Member of the U.S. House of Representatives from Ohio
- In office March 4, 1889 – March 3, 1893
- Preceded by: Beriah Wilkins
- Succeeded by: Michael D. Harter
- Constituency: 16th district (1889–1891) 14th district (1891–1893)

Member of the Ohio Senate from the 16th district
- In office January 3, 1876 – January 4, 1880
- Preceded by: William P. Reid
- Succeeded by: F. M. Marriott

Personal details
- Born: October 24, 1837 Franklin County, Indiana, U.S.
- Died: March 30, 1900 (aged 62) Newark, Ohio, U.S.
- Resting place: Cedar Hill Cemetery
- Party: Democratic
- Spouse: Martha Kumler
- Alma mater: University of Michigan Law School

= James W. Owens (Ohio politician) =

American politician

James W. Owens (October 24, 1837 - March 30, 1900) was an American lawyer and politician who served two non-consecutive terms as a U.S. representative from Ohio.

==Early life and career ==
Born in Franklin County, Indiana, Owens pursued academic studies.
He was graduated from Miami University, Oxford, Ohio, in 1862.
During the Civil War enlisted in the Union Army as a private in the 20th Ohio Infantry, for three months' service.
Reenlisted and was made first lieutenant of Company A, 86th Ohio Infantry, and on the reorganization of that regiment was made captain of Company K.

He attended the law department of the University of Michigan at Ann Arbor in 1864 and 1865.
He was admitted to the bar in 1865 and commenced practice in Newark, Ohio.

He married Martha Kumler of Oxford, Ohio in 1867.
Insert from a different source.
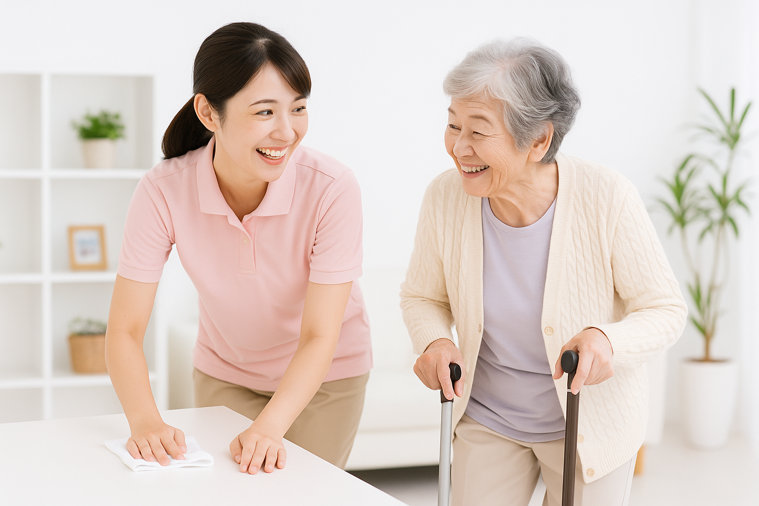 初日は同行訪問から始めます。利用者様との距離感、声かけ、段取りを一緒に確認し、あなたの不安が減るペースで独り立ちを進めます。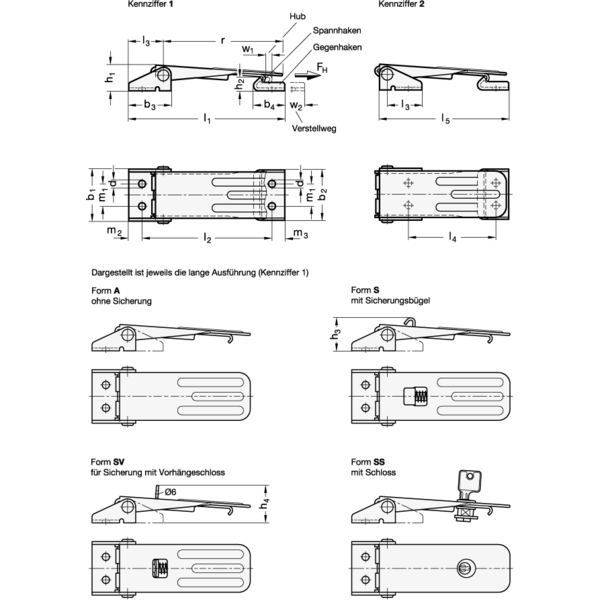 Die in der Tabelle angegebene Haltekraft ist ein Richtwert für die mögliche statische Zugbeanspruchung des Spannverschlusses. Je nach Einsatzbedingung, z.B. durch Vibrationen oder schlagartige Beanspruchung, kann die Haltekraft beeinträchtigt sein.

Owens was elected prosecuting attorney of Licking County in 1867 and reelected in 1869.
He owned the Evans–Holton–Owens House in Newark from 1868 to 1870.
Owens was elected to the State Senate in 1875.
He was reelected in 1877 and served as president of that body.
He served as member of the board of trustees of Miami University 1878–1896.

==Congress ==
Owens was elected as a Democrat to the Fifty-first and Fifty-second Congresses (March 4, 1889 – March 3, 1893).
He served as chairman of the Committee on Expenditures in the Department of the Interior (Fifty-second Congress).
He was not a candidate for renomination in 1892.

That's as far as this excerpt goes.